DATA PROVIDED below:

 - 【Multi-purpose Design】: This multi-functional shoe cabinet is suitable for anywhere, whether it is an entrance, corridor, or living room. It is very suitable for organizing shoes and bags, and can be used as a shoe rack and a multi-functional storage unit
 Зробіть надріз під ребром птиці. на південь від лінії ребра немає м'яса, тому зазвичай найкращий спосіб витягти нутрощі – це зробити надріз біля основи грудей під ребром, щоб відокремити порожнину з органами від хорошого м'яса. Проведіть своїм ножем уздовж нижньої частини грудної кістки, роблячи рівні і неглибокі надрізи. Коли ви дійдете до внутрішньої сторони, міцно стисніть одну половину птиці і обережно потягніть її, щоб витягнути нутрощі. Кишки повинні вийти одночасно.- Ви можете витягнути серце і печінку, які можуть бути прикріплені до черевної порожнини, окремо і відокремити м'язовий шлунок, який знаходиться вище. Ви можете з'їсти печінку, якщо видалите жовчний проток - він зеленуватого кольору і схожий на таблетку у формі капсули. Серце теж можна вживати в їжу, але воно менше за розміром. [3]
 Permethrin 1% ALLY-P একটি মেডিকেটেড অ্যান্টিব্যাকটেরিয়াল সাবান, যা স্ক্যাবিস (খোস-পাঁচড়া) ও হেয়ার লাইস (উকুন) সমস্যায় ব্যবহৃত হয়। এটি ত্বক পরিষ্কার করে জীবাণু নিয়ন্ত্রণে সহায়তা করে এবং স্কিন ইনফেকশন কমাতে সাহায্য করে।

End of DATA PROVIDED.

• PROBLEM: The whole listing above is to be restated word for word.

• OUTPUT BELOW:
 - 【Multi-purpose Design】: This multi-functional shoe cabinet is suitable for anywhere, whether it is an entrance, corridor, or living room. It is very suitable for organizing shoes and bags, and can be used as a shoe rack and a multi-functional storage unit
 Зробіть надріз під ребром птиці. на південь від лінії ребра немає м'яса, тому зазвичай найкращий спосіб витягти нутрощі – це зробити надріз біля основи грудей під ребром, щоб відокремити порожнину з органами від хорошого м'яса. Проведіть своїм ножем уздовж нижньої частини грудної кістки, роблячи рівні і неглибокі надрізи. Коли ви дійдете до внутрішньої сторони, міцно стисніть одну половину птиці і обережно потягніть її, щоб витягнути нутрощі. Кишки повинні вийти одночасно.- Ви можете витягнути серце і печінку, які можуть бути прикріплені до черевної порожнини, окремо і відокремити м'язовий шлунок, який знаходиться вище. Ви можете з'їсти печінку, якщо видалите жовчний проток - він зеленуватого кольору і схожий на таблетку у формі капсули. Серце теж можна вживати в їжу, але воно менше за розміром. [3]
 Permethrin 1% ALLY-P একটি মেডিকেটেড অ্যান্টিব্যাকটেরিয়াল সাবান, যা স্ক্যাবিস (খোস-পাঁচড়া) ও হেয়ার লাইস (উকুন) সমস্যায় ব্যবহৃত হয়। এটি ত্বক পরিষ্কার করে জীবাণু নিয়ন্ত্রণে সহায়তা করে এবং স্কিন ইনফেকশন কমাতে সাহায্য করে।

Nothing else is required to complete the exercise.